Thermal band selection for the PRISM instrument: 1. Analysis of emissivity‐temperature separation algorithms

One of the missions being planned by the European Space Agency (ESA) within the framework of its Earth Observation Programme is the Processes Research by Imaging Space Mission (PRISM). The PRISM instrument consists of a thermal sensor whose main objective is to retrieve accurate land surface temperatures (LST) and whose band positions are 3.5–4.1 μm, 8.1–9.5 μm, 10.3–11.3 μm, and 11.5–12.5 μm. We have studied the optimal design of this instrument to retrieve accurate LSTs. First, we have analyzed several emissivity‐temperature separation methods (part 1) and atmospheric and emissivity correction algorithms (part 2). Finally, we have identified the optimal band configuration (part 3). This paper is the first of a series of three and addresses the question of the emissivity‐temperature separability.
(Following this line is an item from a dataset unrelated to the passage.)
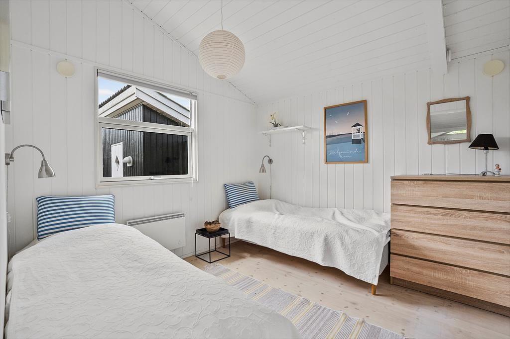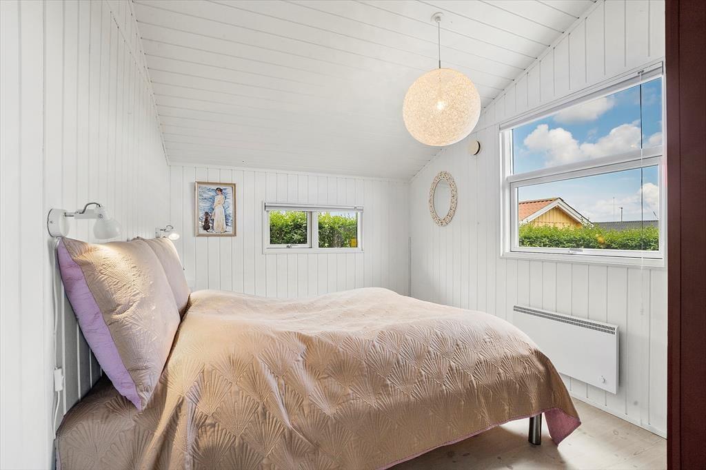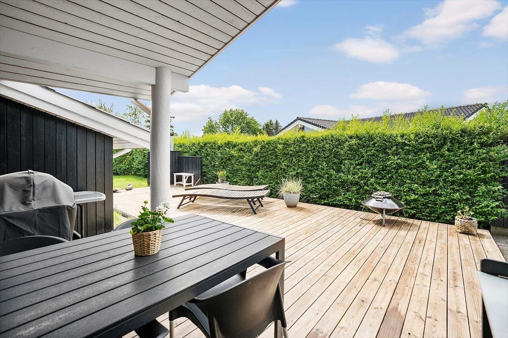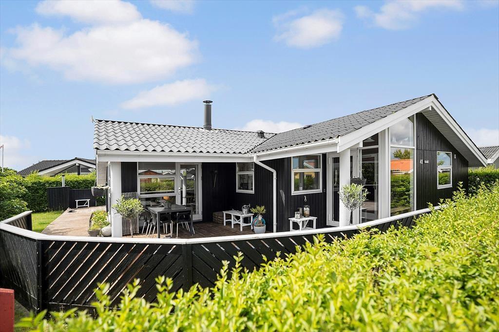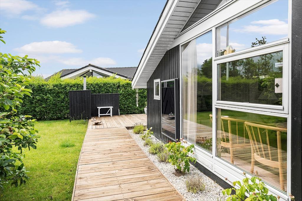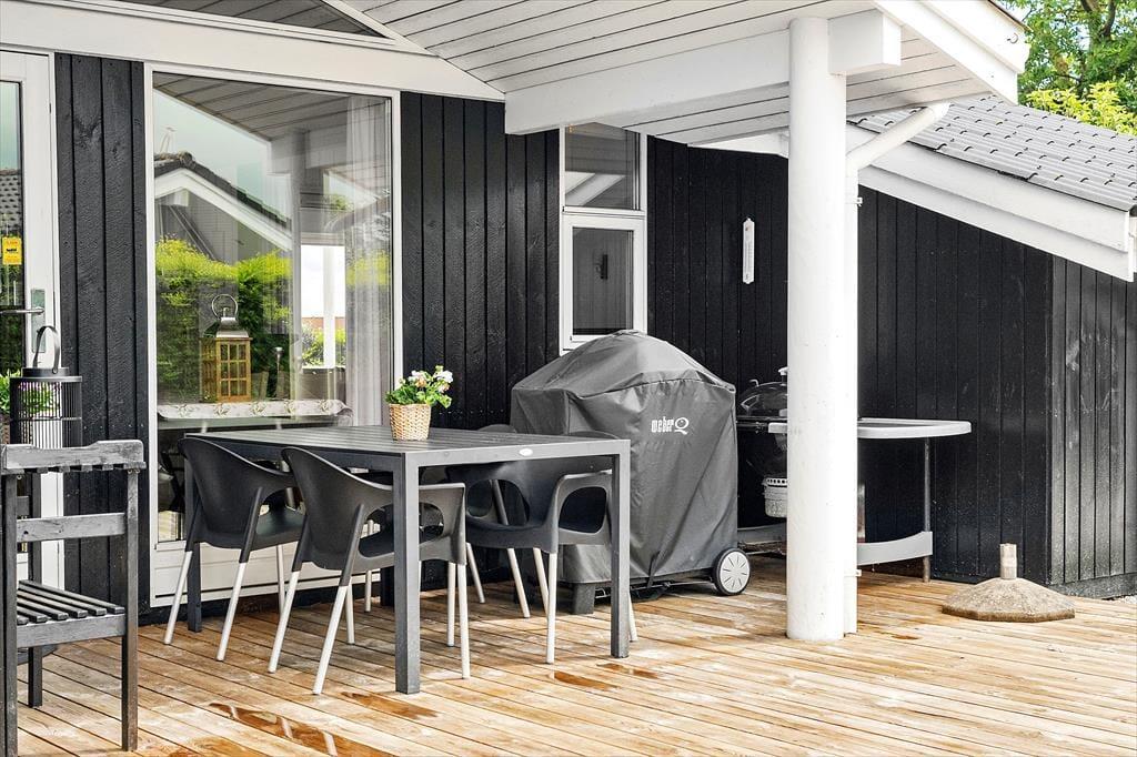 Sommerhuset ligger i et skønt sommerhusområde kun 100 m fra en god sandstrand. På husets to terrasser finder I gode havemøbler, så I kan sidde behageligt og nyde udelivet. Hvis I vil solbade, er der flere liggestole, som I kan slappe af i med en god bog. Derudover er der mulighed for at tilberede feriens måltider på husets gasgrill. I den dejligt lukkede have er der plads til fri leg og afslapning, og der er mulighed for at tage et brusebad efter en lang dag på stranden.

Among all the existing algorithms, we have studied the “absolute methods,” which are able to estimate the absolute value of emissivity at satellite scale and can yield better results in the emissivity estimate. These methods are the algorithm based on the temperature‐independent thermal infrared spectral index (TISI), the alpha coefficients method, and the algorithms which use visible, near‐infrared, and shortwave infrared data to estimate the thermal emissivity (vegetation cover method (VCM)). The study consisted of an analysis of both random and systematic errors of each method. The results indicate that emissivity can be obtained with an error of ±1.7–5% using the alpha coefficients, ±1.7–3% using the TISIs, and ±0.5–1.4% using the VCM, depending on the spectral region. In all cases the error decreases with wavelength, and the lowest errors are achieved in the 10–12 μm spectral region, due to small variability of emissivity. It is necessary that the two first methods use radiosondes simultaneous with the satellite overpass to perform the atmospheric corrections on the thermal data; in addition, they show important sources of systematic errors, which will increase the uncertainty in the emissivity estimate (even in the best possible case). The VCM does not use radiosondes and does not present important sources of systematic error. It appears to be the procedure with the most favorable error propagation characteristics. Thus the VCM could be the most adequate method for retrieving the land surface emissivity (LSE), within the framework of this work.